Dec. 20th, 2013

flexagon: (racing-turtle)
I've been thinking a lot about embarrassment lately, not really for its own sake but as part of a huge swirl of thoughts about intimacy, privacy (what's that for?), secrecy, sharing, etc. Huge and nearly uncrackable swirl, I should mention, like a cryptic crossword that I can't get those critical first answers on. Embarrassment is maybe one of the first clues to start cracking -- and I'm also going to use this as an exercise for myself, wait for it. So I think, I think maybe, the things a person is embarrassed about are things that are both negative (in that person's eyes, or in the world's) and also perceived to be unusual. At least unusual enough to draw attention.

Attention is part of it, because a person can be embarrassed about something positive when it's brought to the attention of people ("aw shucks, stop it, you're making me blush"). But I'm just going to lump that in with "unusual", because experiments where a psychology professor tells the whole class to simply look at one student for no reason are rare.

And to continue with the "unusual" theme, in my experience, everything gets WAY less embarrassing/shameful when a person finds out that their weird condition/experience/whatever is shared by others... and this, btw, is one reason I'm in favor of talking about everything. Talk, and you might get a "me too" along with the "eww" or "wtf?" responses; or someone might read it and feel better even if they don't say "me too".

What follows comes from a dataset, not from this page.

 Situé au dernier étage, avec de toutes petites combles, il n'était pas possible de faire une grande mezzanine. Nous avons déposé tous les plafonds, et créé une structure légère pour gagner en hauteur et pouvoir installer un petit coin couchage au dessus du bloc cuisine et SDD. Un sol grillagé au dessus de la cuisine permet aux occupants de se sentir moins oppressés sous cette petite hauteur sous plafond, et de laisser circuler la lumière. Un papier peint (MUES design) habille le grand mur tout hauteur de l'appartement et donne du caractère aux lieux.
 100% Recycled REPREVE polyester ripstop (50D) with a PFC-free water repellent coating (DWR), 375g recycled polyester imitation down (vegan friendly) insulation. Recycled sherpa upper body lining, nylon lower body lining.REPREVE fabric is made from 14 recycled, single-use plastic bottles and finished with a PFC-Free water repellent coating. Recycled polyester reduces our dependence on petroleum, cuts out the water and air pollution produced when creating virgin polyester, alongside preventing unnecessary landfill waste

I'm not embarrassed about much, and it might be because I think I'm mostly standard-issue. Just a classic homo sapiens sapiens, female, owner of a body, owner of a brain, subject to the usual buffeting of life.

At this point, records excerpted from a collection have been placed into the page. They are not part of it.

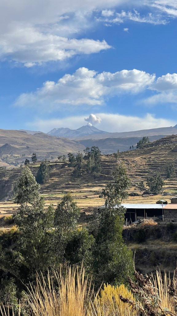 Nach dem bewegungsarmen Vortag wollten wir den Donnerstag mal wieder aktiv gestalten. Gemeinsam mit Max und Merle begaben wir uns auf eine 13 Kilometer lange Wanderung durch das „Colca“ Tal. Wir liefen zwar fast durchgängig auf einer asphaltierten Straße aber da diese so gut wie gar nicht befahren wurde störte uns das herzlich wenig. Stattdessen erfreuten wir uns an der schönen Aussicht auf die Inka Terrassen welche sich durch das gesamte Tal zu ziehen scheinen. Welch Arbeit es einmal gewesen sein muss, diese an all den Steilhängen anzulegen! Auch an niedlichen Alpakas sowie von natürlichem Stacheldraht gesäumten Mauern und Reet gedeckten Häusern kamen wir vorbei. Zuvor hatten wir bereits die Überreste einiger „Chullpas“ (= Grabtürme) erkundet und eine Brücke über die tiefe sowie schmale Schlucht des Canyons überquert. Direkt unter dieser Brücke, etwa in der Mitte der steilen Felswand, befanden sich ebenfalls Gräber der Inka. Bis heute weiß niemand, wie sie diese dort anbringen konnten. 😯 Das absolute Highlight war jedoch neuerdings der Vulkan „Sabancaya“ der abermals eine hohe Aschewolke in die Luft beförderte. In „Yanque“ orderten wir dann gemeinsam ein Taxi, welches uns für ein paar „Soles“ zurück nach „Chivay“ brachte, wo wir uns nach der Anstrengung allesamt erst einmal einen süßen „Oreo Frappé“ gönnten. Und da wir auf Kochen so rein gar keine Lust mehr hatten kehrten wir am Abend in einem bei Einheimischen beliebten Lokal ein, wo wir für schlappe 2 € p.P. ein leckeres Menü in Form einer Hühner-Nudel-Suppe sowie gebratener Forelle mit Reis und Salat orderten. 😋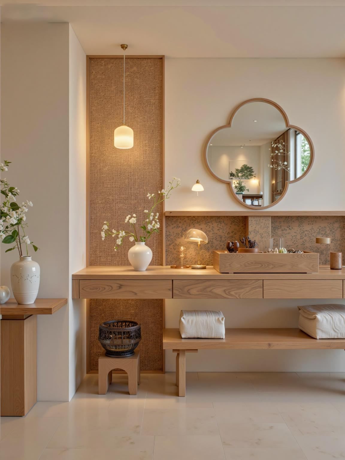 6. Góc Trang Điểm Wabi Sabi – Dịu Dàng, Tinh Tế, Gọn Gàng
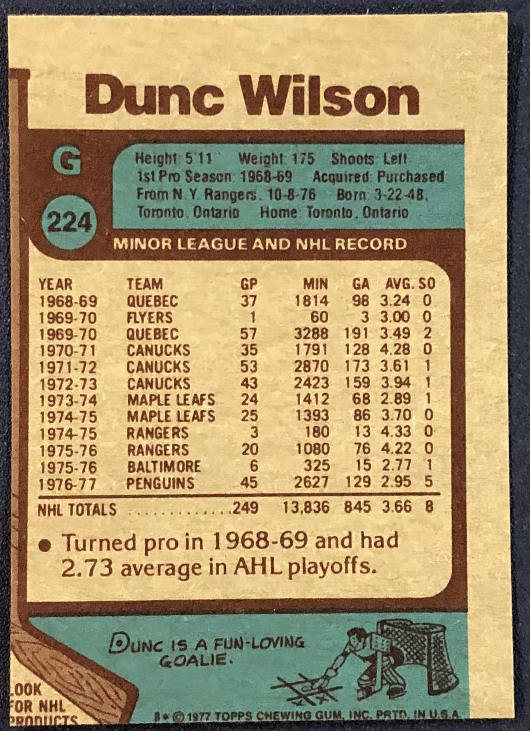 Lot 1284 1977-78 TOPPS NHL DUNC WILSON

I know I'm still missing a big piece, probably something about privacy. Maybe something has to be negative, unusual enough to draw attention and/or considered "private".

I'd have to say the thing that embarrasses me most during the average month is my skin, when it intermittently breaks out. It's very possible I have borderline BDD about this, because ugh, when I have really visible blemishes I don't see the rest of my face at all. This is despite the fact that I make dermatologists and aestheticians yawn, so I'm trying to figure out if this fits with my pattern. I think it does, because something in my brain believes my skin is unusual even if it's not.

In which I embarrass myself on purpose by giving detail, and then analyze that. If you get TMI-based embarrassment on other people's behalf, or dislike dumb little medical things, there's no particular need to click. )

I admire people who aren't embarrassed about things. On a bus a few days ago, a woman fell down when the bus started; right after "is she okay?" I thought "poor thing, how embarrassing", but she laughed merrily and got up, not bothered a bit. Funny thing about that; the attention shifted right off her, because her "no big deal" attitude made it not-so-negative. And also, anyone who takes public transit a lot knows it happens sometimes. Scrap the negative and the unusual, and what do you have left? Nothing. Standard "homo sapiens on unstable surface" conditions, with the expected outcome of an occasional stumble.
flexagon: (conf room)
My body totally remembers how to do the straddle press off the stacked crash mats! We didn't actually do that in Bender's class today, but the stack was set up for the sake of another student and I kept sneaking over there to do my precious new thing.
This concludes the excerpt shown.